Het is waar dat er een negatieve correlatie is tussen kooktijd en temperatuur: hoe hoger de temperatuur, hoe korter de kooktijd. Maar het is zeer niet-lineair. Zelfs als je rekening zou houden met het feit dat temperatuur wordt gemeten op een verhoudingsschaal en niet op een intervalschaal, waarbij het werkelijke nulpunt bij 0 Kelvin ligt, heb je er nog niets aan.
Inwendige temperatuur
Bekijk eerst het gemakkelijkste deel van het proces: de relatie tussen de inwendige temperatuur van het voedsel en de gaarheid van het voedsel. Voedsel koken met warmte is wachten tot bepaalde thermodynamische veranderingen plaatsvinden, bijvoorbeeld in het geval van vlees, wacht je tot de eiwitten denatureren. Dit betekent dat je begint met de nogal gekrulde eiwitmolecule, en nadat deze voldoende brownian beweging heeft ondergaan, ontrafelt hij een beetje, waarbij enkele van de zwakkere bindingen tussen atomen verloren gaan.

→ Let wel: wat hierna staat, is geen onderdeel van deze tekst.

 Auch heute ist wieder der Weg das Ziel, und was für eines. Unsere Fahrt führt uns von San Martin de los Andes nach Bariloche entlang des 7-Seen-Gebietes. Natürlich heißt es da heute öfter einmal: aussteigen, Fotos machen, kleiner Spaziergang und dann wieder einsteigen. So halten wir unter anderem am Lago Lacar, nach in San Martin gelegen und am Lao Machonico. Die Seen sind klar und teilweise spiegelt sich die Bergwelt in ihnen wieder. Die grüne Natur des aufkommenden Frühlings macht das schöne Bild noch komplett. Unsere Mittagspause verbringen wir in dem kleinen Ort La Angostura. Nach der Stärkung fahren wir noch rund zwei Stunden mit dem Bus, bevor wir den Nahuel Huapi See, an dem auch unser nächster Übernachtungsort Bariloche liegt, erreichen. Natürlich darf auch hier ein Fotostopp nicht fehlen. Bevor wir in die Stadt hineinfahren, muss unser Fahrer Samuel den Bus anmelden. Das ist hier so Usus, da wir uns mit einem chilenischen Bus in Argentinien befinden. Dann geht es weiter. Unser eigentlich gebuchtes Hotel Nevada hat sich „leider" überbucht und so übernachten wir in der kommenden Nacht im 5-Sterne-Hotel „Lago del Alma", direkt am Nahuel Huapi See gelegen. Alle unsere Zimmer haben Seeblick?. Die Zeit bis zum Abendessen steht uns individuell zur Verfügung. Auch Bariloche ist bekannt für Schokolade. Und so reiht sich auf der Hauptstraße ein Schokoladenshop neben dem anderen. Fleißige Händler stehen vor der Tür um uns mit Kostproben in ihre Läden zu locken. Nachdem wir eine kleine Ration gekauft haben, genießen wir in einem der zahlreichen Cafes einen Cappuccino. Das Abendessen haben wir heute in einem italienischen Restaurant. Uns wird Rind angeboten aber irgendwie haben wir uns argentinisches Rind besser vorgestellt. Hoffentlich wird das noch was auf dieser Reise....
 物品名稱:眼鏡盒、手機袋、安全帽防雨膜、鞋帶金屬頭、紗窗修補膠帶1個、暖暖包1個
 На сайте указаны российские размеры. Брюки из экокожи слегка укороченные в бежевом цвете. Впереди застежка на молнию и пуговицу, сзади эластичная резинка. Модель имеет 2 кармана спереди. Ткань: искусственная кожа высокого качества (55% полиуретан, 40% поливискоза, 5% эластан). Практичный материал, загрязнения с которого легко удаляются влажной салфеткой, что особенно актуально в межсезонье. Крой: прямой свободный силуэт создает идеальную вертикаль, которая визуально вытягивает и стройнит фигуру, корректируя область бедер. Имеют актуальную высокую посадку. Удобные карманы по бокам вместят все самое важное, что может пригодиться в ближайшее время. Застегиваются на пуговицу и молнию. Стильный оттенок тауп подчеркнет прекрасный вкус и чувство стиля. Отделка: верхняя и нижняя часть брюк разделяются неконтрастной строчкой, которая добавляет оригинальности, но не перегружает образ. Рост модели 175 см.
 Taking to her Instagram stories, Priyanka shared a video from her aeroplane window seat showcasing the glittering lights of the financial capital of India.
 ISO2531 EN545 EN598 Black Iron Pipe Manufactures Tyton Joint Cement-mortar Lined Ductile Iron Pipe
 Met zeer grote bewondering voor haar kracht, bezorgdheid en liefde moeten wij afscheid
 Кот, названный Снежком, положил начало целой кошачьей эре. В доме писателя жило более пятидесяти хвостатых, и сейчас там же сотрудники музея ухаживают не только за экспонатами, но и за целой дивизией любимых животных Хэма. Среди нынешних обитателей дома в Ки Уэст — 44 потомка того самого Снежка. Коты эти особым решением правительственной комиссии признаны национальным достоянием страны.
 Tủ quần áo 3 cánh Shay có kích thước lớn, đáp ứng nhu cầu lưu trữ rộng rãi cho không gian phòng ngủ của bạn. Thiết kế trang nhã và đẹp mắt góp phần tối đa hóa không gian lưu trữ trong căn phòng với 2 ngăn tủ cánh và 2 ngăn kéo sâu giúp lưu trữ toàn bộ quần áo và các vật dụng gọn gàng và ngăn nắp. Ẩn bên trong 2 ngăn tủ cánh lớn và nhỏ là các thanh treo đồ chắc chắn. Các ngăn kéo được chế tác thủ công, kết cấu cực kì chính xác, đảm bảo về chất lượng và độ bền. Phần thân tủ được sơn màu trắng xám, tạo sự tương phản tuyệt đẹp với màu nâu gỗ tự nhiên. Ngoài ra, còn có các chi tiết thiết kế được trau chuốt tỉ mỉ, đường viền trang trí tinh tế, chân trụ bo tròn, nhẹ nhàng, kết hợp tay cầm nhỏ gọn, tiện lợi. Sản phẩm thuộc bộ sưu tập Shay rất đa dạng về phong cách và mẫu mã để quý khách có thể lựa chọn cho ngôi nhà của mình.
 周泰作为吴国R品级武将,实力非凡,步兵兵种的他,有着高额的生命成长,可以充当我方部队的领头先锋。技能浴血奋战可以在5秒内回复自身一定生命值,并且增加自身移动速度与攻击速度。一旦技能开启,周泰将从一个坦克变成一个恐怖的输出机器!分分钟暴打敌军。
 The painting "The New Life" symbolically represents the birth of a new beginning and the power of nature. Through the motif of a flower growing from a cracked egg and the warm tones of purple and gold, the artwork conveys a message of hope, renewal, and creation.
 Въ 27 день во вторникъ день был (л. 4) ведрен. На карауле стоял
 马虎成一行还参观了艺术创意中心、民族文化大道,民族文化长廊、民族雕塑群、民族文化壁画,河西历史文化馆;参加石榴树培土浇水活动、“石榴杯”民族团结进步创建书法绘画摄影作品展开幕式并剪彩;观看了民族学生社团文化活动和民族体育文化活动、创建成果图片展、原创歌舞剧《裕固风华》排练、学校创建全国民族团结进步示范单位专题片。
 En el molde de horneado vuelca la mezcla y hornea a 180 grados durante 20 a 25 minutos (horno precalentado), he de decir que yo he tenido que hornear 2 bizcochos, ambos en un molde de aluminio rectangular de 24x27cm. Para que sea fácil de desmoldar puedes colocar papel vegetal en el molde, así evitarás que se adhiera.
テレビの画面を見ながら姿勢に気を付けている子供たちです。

De kans dat een molecuul na een constante hoeveelheid tijd, zeg 1 seconde, is gedenatureerd, moet ruwweg een Gaussische verdeling volgen, afhankelijk van de temperatuur van het voedsel (hogere temperatuur -> het molecuul schudt en beweegt meer, en botst meer tegen andere moleculen, waardoor de zwakke ternaire en quarternaire bindingen breken):
Volgens het centrale limiettheorema vertelt bovenstaande verdeling je ook welk percentage van de miljoenen moleculen in je voedsel na een seconde zal worden omgezet in de gekookte toestand. Dit verklaart waarom, als je suikerstroop verhit, je bij een bepaalde temperatuur bijna onmiddellijk karamel krijgt – je hebt de temperatuur bereikt waarbij meer dan 99% van je moleculen na een seconde in de gekarameliseerde toestand zullen overgaan – maar als je suiker heel lang bij lagere temperaturen laat staan, zal het ook karameliseren. Dit komt omdat na voldoende seconden van één molecule op de tienduizend die karameliseert per seconde, je de hele suikerklont karameliseert. Aan de andere kant is je kamertemperatuur zo laag, dat misschien maar één molecuul op een miljard zich zal omzetten in suiker die op kamertemperatuur is opgeslagen, en zul je eeuwen moeten wachten voordat alles is gekarameliseerd. Dat komt omdat je op een bijna vlak punt helemaal links van de curve zit.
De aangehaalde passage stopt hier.